Arethusa est un nom de navire chanceux pour les Anglais depuis un certain temps, mais pas une si bonne nouvelle pour les Français. Le navire français Arethuse a été capturé par les Britanniques en 1793 et ​​rebaptisé. Un autre britannique Arethusa a aidé à engager et à capturer plusieurs navires français en 1794. Pendant la Seconde Guerre mondiale, le navire britannique Arethusa, construit en 1935, était l'un des croiseurs légers de la classe Arethusa. Encore une fois, dans le cadre d'un escadron naval britannique, ils ont détruit une flotte française de Vichy au large de l'Afrique du Nord, les Français perdant 1147 marins.
Pour un excellent enregistrement de &ldquoThe Arethusa&rdquo et aussi de la musique de Carolan, consultez l'album du harper Andrew Lawrence-King&rsquos Carolan&rsquos Harp, avec The Harp Consort, sur deutsche harmonia mundi DHM 05472-77375-2. La coupe Arethusa comprend des roulements de tambour, les signaux de sifflet de bosun&rsquos traditionnels appelant les marins à leurs postes de combat, une version instrumentale, puis la chanson de The Lock and Key.
Pour plus d'informations sur Carolan, la musique folk et la chanson &ldquoArethusa,&rdquo consultez : http://www.contemplator.com/folk4/arethusa.html
Vous pouvez également entendre la mélodie jouée, sur ce site.

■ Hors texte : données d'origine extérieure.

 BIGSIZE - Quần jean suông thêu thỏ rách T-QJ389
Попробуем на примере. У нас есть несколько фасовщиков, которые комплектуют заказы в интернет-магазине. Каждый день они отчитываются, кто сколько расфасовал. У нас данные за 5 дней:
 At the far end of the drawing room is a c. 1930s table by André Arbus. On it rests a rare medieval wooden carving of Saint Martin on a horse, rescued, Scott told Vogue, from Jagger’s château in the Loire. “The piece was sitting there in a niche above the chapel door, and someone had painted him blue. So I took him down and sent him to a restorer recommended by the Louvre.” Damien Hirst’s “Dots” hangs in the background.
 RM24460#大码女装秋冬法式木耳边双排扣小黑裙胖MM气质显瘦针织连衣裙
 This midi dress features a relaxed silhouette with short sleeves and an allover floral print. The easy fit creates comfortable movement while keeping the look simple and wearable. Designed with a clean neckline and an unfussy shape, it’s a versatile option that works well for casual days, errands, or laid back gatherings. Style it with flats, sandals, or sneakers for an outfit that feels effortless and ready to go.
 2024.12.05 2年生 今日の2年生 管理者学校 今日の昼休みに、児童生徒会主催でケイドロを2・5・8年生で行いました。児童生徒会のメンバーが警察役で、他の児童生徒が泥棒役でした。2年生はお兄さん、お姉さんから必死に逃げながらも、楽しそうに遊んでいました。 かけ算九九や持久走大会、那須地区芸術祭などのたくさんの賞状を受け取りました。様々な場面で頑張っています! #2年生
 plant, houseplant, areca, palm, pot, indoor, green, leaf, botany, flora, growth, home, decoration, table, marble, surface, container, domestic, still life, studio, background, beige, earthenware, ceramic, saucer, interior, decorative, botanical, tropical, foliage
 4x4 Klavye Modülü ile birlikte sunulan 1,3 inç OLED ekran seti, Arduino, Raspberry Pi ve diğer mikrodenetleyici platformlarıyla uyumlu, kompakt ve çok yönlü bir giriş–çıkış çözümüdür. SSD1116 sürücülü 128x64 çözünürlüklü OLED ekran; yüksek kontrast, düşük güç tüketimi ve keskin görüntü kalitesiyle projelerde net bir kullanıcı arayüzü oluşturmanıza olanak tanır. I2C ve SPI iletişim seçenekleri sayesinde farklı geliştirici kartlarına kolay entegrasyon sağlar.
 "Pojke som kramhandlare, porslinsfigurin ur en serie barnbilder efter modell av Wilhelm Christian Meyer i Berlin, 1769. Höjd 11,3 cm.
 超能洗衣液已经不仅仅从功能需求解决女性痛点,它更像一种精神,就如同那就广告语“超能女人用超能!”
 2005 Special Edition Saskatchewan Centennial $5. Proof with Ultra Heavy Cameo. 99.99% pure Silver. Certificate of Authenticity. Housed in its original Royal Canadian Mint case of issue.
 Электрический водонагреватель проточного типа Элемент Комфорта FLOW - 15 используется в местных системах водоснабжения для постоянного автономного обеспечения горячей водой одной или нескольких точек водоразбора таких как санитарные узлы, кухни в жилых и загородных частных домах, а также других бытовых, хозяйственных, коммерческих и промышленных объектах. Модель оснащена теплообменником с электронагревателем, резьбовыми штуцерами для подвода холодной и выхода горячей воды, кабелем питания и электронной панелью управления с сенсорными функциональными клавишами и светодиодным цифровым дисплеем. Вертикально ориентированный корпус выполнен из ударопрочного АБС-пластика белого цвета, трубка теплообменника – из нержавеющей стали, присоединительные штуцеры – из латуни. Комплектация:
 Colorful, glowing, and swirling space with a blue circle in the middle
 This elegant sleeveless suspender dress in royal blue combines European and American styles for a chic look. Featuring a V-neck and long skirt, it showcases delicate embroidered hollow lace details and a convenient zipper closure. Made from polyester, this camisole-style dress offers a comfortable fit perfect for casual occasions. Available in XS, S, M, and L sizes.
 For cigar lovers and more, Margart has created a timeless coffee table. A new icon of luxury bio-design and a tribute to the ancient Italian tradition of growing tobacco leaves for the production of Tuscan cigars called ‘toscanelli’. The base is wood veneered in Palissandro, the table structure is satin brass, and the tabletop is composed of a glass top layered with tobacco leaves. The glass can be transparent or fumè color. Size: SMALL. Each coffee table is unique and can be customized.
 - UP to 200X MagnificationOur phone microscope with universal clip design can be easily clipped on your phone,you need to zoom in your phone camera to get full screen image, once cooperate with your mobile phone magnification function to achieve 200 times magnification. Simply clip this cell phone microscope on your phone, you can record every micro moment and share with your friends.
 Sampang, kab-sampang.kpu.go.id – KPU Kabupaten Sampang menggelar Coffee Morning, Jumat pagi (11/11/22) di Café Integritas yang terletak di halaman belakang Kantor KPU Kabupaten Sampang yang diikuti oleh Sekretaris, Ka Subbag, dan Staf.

Pour plus d'informations sur les croiseurs légers de classe Arethusa pendant la Seconde Guerre mondiale, essayez : http://home1.swipnet.se/

Pour chanter avec votre nouvel album de Carolan&rsquos Harp, testez vos tuyaux sur cette version de la chanson (indice - si E mineur ne fonctionne pas, essayez A mineur) :


Venez, vous tous, joyeux marins audacieux, dont les cœurs sont coulés dans l'honneur & rsquos moule,
Tandis que je dévoile la gloire anglaise, Huzza pour l'Aréthuse !
C'est une frégate robuste et courageuse, Comme toujours endigué la vague fringante
Ses hommes sont fidèles à leur lancement préféré, Et quand l'ennemi rencontrera notre feu,
Plus tôt que la grève, nous expirerons tous, à bord de l'Arethusa !

'Twas avec la flotte de printemps elle est sortie, La Manche pour naviguer,
Quand quatre Français naviguent, en spectacle si corpulent, Abattent l'Aréthuse !
La célèbre Belle Poule tout droit mentait, L'Aréthuse semblait voler,
Pas un drap ou une pointe, ou une attelle n'a-t-elle relâché, même si les Français ont ri et pensé à des trucs,
Mais ils ne savaient pas la poignée d'hommes à quel point, à bord de l'Arethusa.

Sur le pont, cinq cents hommes ont dansé, Les plus gros qu'on ait pu trouver en France,
Nous avec deux cents avons avancé, A bord de l'Aréthuse.
Notre capitaine a salué le Français, "Ho !" Les Français ont alors crié, "'Allo !?"
« Abattez-vous, voyez-vous, sous le vent de notre amiral », « Non, non », dit le Français, «
« Alors je dois vous emmener avec moi », dit la coquine Arethusa.

Le combat était hors des terres des Français, Nous les avons repoussés sur leur rive,
Car nous avons combattu jusqu'à ce qu'aucun bâton ne se dresse, Sur la vaillante Aréthuse.
Et maintenant nous avons chassé l'ennemi à terre, pour ne plus jamais combattre les Britanniques,
Que chacun remplisse un verre à sa fille préférée ! Une santé au capitaine et aux officiers vrai,
Et tout cela appartient à l'équipage jovial, A bord de l'Arethusa.